Moral Majority

Uit Wikipedia, de vrije encyclopedie

Moral Majority was een politieke organisatie die vanaf het eind van de jaren 70 een invloedrijke evangelicaal christelijk-georiënteerde lobby voerde in de Verenigde Staten. De organisatie werd in 1989 opgeheven.

Geschiedenis[bewerken | brontekst bewerken]

Jerry Falwell, oprichter en bekendste woordvoerder van Moral Majority

Moral Majority werd opgericht naar aanleiding van een machtsstrijd binnen de Amerikaanse conservatief christelijke belangengroep Christian Voice, in 1978. Op een persconferentie dat jaar zei de oprichter van Christian Voice, Robert Grant, dat religieus rechts een farce was, en geleid werd door "drie katholieken en een jood". Paul Weyrich, Terry Dolan, Richard Viguerie (op wie Grant doelde met 'de katholieken') en Howard Phillips ('de Jood') verlieten daarop Christian Voice. Tijdens een bijeenkomst in 1979 drongen zij er bij televisiepredikant Jerry Falwell op aan Moral Majority op te richten. Dit werd eveneens het begin van the New Christian Right, de christelijke Nieuw-Rechtse beweging in de VS.[1][2]

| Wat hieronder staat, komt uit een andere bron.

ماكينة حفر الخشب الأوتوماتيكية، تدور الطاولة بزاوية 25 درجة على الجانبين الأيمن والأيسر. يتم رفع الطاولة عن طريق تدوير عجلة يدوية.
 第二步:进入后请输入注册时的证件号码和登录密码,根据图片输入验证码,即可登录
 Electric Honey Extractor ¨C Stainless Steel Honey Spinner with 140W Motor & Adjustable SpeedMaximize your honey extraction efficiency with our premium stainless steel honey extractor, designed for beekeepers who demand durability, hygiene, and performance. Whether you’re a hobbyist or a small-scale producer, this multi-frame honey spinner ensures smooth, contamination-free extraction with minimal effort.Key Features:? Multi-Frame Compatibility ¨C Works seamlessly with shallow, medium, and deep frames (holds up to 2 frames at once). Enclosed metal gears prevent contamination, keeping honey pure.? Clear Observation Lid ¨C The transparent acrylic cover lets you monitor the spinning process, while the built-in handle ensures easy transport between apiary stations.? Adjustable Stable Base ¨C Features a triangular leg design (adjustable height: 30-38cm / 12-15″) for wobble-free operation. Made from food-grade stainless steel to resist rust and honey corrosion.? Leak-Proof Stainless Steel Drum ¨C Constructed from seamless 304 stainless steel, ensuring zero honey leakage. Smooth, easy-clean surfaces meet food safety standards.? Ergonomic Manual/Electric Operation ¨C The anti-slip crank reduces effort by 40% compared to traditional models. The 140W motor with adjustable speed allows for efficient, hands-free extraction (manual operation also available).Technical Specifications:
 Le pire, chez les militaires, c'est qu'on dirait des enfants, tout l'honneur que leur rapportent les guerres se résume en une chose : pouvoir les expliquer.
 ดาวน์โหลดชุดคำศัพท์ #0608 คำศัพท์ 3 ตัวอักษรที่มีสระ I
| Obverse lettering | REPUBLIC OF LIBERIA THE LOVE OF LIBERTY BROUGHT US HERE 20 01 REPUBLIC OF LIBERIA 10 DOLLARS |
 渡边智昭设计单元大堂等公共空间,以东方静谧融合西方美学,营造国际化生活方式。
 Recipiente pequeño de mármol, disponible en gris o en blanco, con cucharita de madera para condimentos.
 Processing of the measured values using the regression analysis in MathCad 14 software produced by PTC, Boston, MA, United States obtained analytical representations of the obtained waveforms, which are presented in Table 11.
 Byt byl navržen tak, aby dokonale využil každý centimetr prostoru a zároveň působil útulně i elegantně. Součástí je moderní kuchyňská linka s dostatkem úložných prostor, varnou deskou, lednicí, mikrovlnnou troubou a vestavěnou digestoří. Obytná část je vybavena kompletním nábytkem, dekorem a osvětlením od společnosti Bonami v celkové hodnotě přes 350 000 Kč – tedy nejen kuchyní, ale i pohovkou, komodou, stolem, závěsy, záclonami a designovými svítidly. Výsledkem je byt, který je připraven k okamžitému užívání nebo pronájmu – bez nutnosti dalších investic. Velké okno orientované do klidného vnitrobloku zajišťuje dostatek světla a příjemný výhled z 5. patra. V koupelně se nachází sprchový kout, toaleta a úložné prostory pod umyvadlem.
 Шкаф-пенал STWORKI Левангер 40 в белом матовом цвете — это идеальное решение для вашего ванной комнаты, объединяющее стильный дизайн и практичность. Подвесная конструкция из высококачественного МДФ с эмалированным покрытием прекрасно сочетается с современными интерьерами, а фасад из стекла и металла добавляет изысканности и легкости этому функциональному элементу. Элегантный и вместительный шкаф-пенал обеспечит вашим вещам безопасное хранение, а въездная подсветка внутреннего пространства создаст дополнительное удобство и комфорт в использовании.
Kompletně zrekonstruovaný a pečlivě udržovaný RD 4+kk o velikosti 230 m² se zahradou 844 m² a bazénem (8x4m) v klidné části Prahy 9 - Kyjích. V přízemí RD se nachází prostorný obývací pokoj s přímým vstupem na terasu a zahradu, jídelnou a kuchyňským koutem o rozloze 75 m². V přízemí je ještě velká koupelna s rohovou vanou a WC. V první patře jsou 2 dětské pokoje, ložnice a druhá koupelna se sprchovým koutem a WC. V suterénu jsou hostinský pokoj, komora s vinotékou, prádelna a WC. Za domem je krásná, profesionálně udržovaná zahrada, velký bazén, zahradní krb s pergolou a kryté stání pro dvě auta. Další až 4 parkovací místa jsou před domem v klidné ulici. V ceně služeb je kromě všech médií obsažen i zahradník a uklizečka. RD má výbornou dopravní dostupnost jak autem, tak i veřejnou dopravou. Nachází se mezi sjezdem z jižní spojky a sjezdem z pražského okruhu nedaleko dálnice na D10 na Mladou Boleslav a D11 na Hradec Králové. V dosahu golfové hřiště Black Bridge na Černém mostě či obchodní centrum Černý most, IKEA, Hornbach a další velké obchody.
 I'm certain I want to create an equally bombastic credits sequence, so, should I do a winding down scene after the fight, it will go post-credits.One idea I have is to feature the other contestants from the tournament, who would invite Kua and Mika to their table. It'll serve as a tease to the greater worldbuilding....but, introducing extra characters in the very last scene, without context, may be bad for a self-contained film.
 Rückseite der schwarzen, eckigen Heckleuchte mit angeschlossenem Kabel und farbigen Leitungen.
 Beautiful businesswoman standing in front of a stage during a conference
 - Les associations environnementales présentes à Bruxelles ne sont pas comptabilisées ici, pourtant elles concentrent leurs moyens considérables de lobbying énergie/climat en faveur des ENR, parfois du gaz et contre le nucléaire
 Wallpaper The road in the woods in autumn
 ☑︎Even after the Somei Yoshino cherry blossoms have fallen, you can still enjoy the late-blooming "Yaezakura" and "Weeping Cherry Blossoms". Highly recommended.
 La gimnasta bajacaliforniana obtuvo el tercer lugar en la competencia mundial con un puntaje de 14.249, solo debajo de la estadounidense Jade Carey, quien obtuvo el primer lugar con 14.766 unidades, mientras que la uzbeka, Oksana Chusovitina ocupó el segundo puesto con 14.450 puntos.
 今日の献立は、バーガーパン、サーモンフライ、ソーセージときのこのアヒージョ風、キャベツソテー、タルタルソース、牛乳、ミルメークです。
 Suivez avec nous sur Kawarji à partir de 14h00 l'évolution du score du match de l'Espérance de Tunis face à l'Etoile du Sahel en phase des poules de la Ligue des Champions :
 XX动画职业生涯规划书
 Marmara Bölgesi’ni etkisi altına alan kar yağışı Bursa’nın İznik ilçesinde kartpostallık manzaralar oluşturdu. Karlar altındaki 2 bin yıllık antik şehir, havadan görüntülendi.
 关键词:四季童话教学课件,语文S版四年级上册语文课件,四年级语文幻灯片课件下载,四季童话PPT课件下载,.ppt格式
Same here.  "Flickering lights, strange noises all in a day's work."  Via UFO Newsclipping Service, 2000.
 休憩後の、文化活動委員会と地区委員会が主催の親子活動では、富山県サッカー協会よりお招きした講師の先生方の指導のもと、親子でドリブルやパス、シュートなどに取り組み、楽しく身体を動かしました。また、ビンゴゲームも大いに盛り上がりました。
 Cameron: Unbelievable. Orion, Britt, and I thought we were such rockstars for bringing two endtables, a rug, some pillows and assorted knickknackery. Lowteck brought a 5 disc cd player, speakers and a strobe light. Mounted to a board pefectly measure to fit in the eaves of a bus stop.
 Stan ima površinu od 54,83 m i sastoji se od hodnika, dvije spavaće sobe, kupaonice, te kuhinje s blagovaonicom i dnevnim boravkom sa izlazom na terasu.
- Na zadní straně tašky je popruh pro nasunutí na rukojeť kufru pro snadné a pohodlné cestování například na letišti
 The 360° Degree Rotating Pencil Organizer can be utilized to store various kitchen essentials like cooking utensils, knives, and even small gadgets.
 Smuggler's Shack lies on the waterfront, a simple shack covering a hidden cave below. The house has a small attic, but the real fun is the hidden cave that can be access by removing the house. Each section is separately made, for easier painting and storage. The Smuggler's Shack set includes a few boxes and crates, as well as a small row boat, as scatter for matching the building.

Er bestaan contradictorische verslagen over de politieke motivatie van de beweging. Falwell en andere leiders uit de beweging claimen dat ze vooral gemotiveerd werden door de 'Roe v. Wade'-beslissing van het Hooggerechtshof van de Verenigde Staten, waarin beslist werd dat abortus niet door de federale overheid verboden kon worden. Volgens Falwell kwam de Moral Majority op de been om zich hiertegen te verzetten. Recent historisch onderzoek laat echter zien dat het accurater is om de Moral Majority te zien als een reactie op de 'Brown v. Board of Education'-beslissing, waarin het onconstitutioneel werd verklaard om onderwijs te scheiden op basis van ras. Falwell en andere priesters claimden dat religieuze instituten het recht moesten hebben om te blijven segregeren. Falwells eigen universiteit, Liberty University, werd vijf jaar na de beslissing van het Hooggerechtshof opgericht en was een gesegregeerde school.[3][4]

Initieel had de Moral Majority weinig succes door de grote focus op segregatie en andere racistische thema's.[3] De beweging kende echter groot succes toen het in de tegenaanval ging op enkele feministische overwinningen uit de jaren zeventig en tachtig. Falwell werd een nationaal boegbeeld in de campagne tegen abortus.[1] De beweging sloot zich ook aan bij de strijd van conservatieve activiste Phyllis Schlafly tegen het Equal Rights Amendment, een amendement aan de Amerikaanse constitutie dat het verbood om te discrimineren op basis van iemands geslacht. Schlafly en de Moral Majority beargumenteerden dat dit amendement "het traditioneel gezin zouden vernietigen." Er bestaat hier geen bewijs voor.[5]

Moral Majority bestond uit conservatief christelijke politieke actiegroepen, die zich inzetten voor onderwerpen die volgens de leden van die groep van belang waren voor de handhaving hun christelijke notie van morele wetten. De organisatie was ervan overtuigd dat deze notie door de meerderheid van de Amerikanen werd gedeeld, wat ook de reden was achter de keuze voor de naam van de beweging. Zij claimden dat de Verenigde Staten in een cultuurstrijd verwikkeld waren tussen goddeloze progressieven en christelijke conservatieven.[6] De achterban van de organisatie bestond al snel uit miljoenen leden, wat Moral Majority tot een van de grootste conservatieve lobbygroepen in de Verenigde Staten maakte. Naar verluidt bezorgde de organisatie Ronald Reagan twee derde van de blanke evangelicale stemmen tijdens de presidentsverkiezingen in 1980, waarin Reagan de Democratische kandidaat en zittende president, Jimmy Carter, versloeg.[7]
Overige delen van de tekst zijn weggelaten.